**PROBLEM TO SOLVE:** When you copy the material below, keep every line exact and omit the pictures.

**DATASET EXCERPT:**

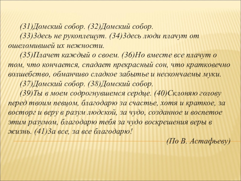 (33)3десь не рукоплещут. (34)3десь люди плачут от ошеломившей их нежности.
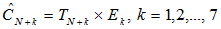 Si N es el instante de la última observación, y ésta cae en domingo, se pronosticará para los días siguientes, lunes, martes,..., domingo, mediante la ecuación.
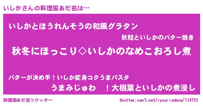 | ヘコむあだ名 | 『なまこ酢』『いしか(小並感)』 |
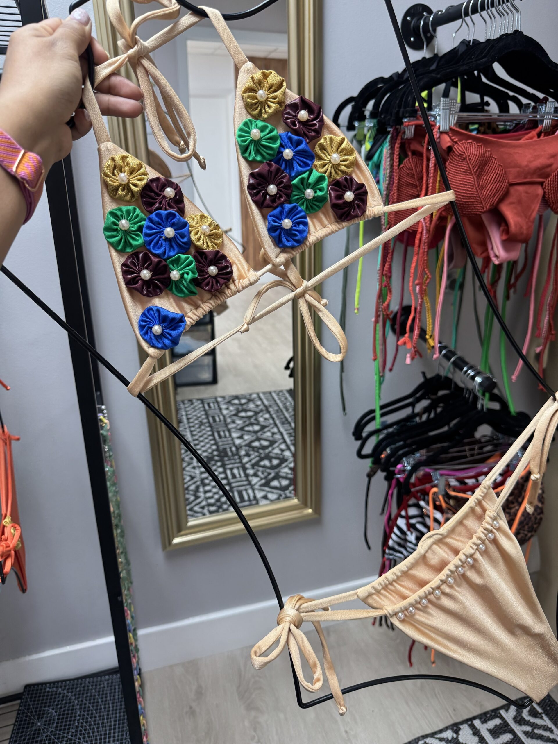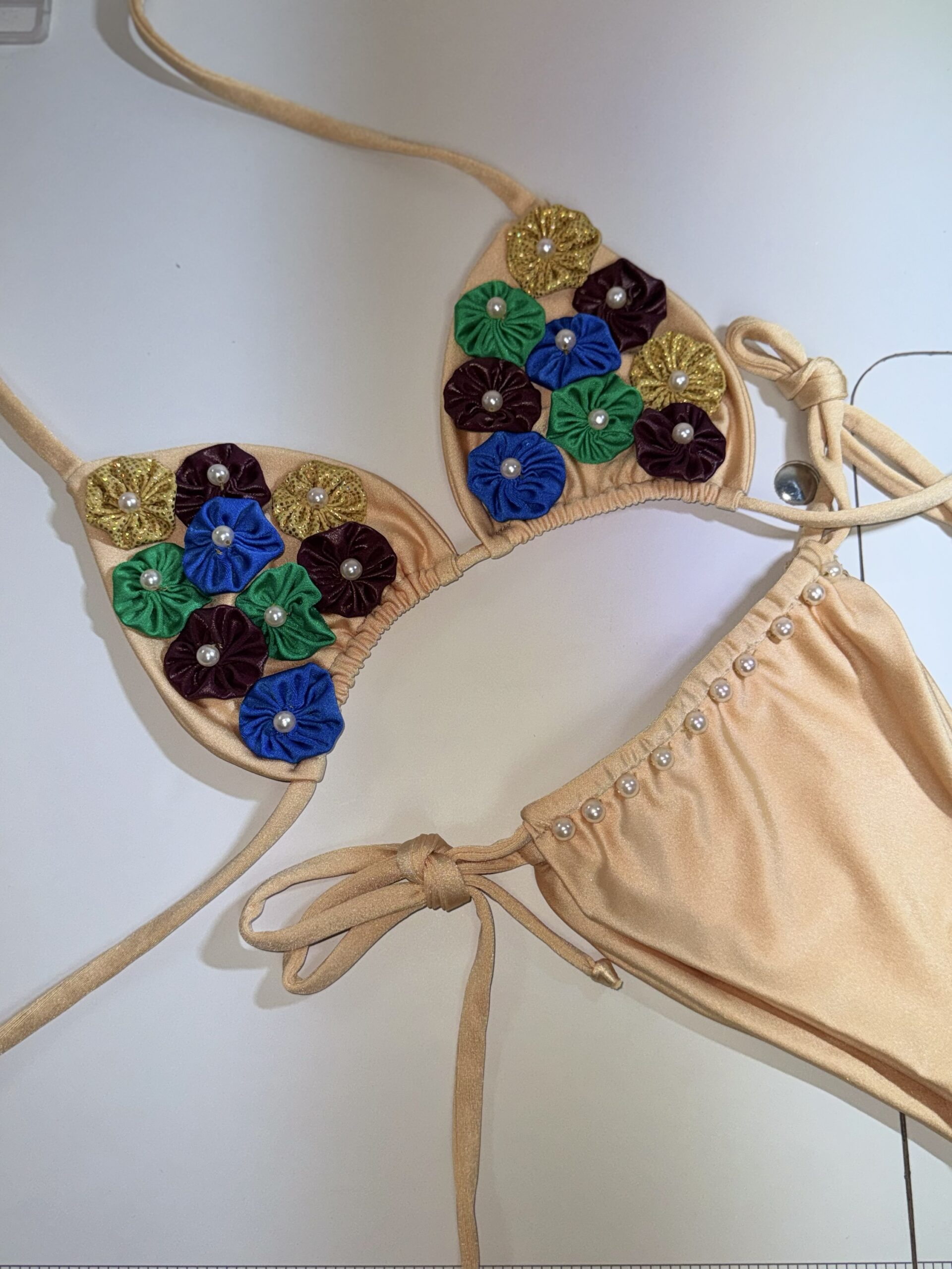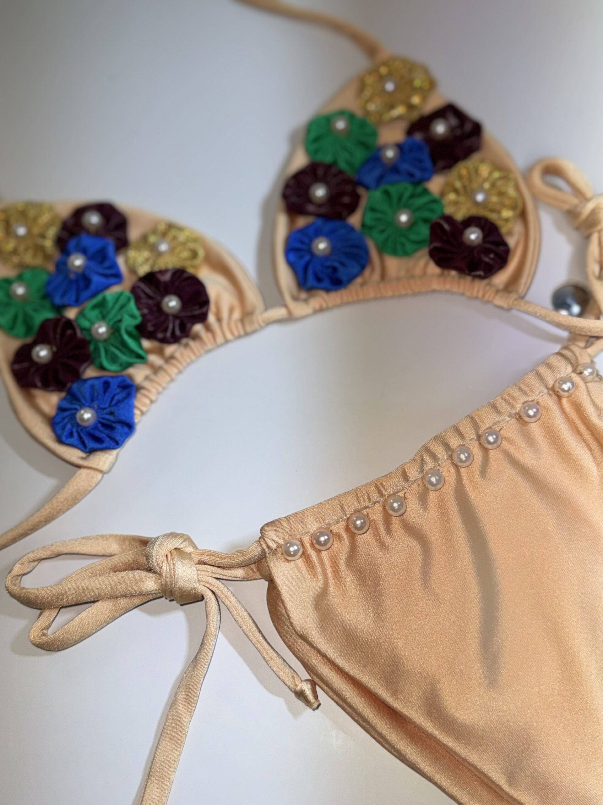 A delicate nude bikini elevated with handcrafted floral appliqués and pearl details. Designed to feel like a wearable piece of art, this exclusive design blends soft elegance with vibrant accents, creating a unique and feminine statement. Perfect for those who love luxury, detail, and standout beachwear.

**RESPONSE:**
 (33)3десь не рукоплещут. (34)3десь люди плачут от ошеломившей их нежности.
 Si N es el instante de la última observación, y ésta cae en domingo, se pronosticará para los días siguientes, lunes, martes,..., domingo, mediante la ecuación.
 | ヘコむあだ名 | 『なまこ酢』『いしか(小並感)』 |
 A delicate nude bikini elevated with handcrafted floral appliqués and pearl details. Designed to feel like a wearable piece of art, this exclusive design blends soft elegance with vibrant accents, creating a unique and feminine statement. Perfect for those who love luxury, detail, and standout beachwear.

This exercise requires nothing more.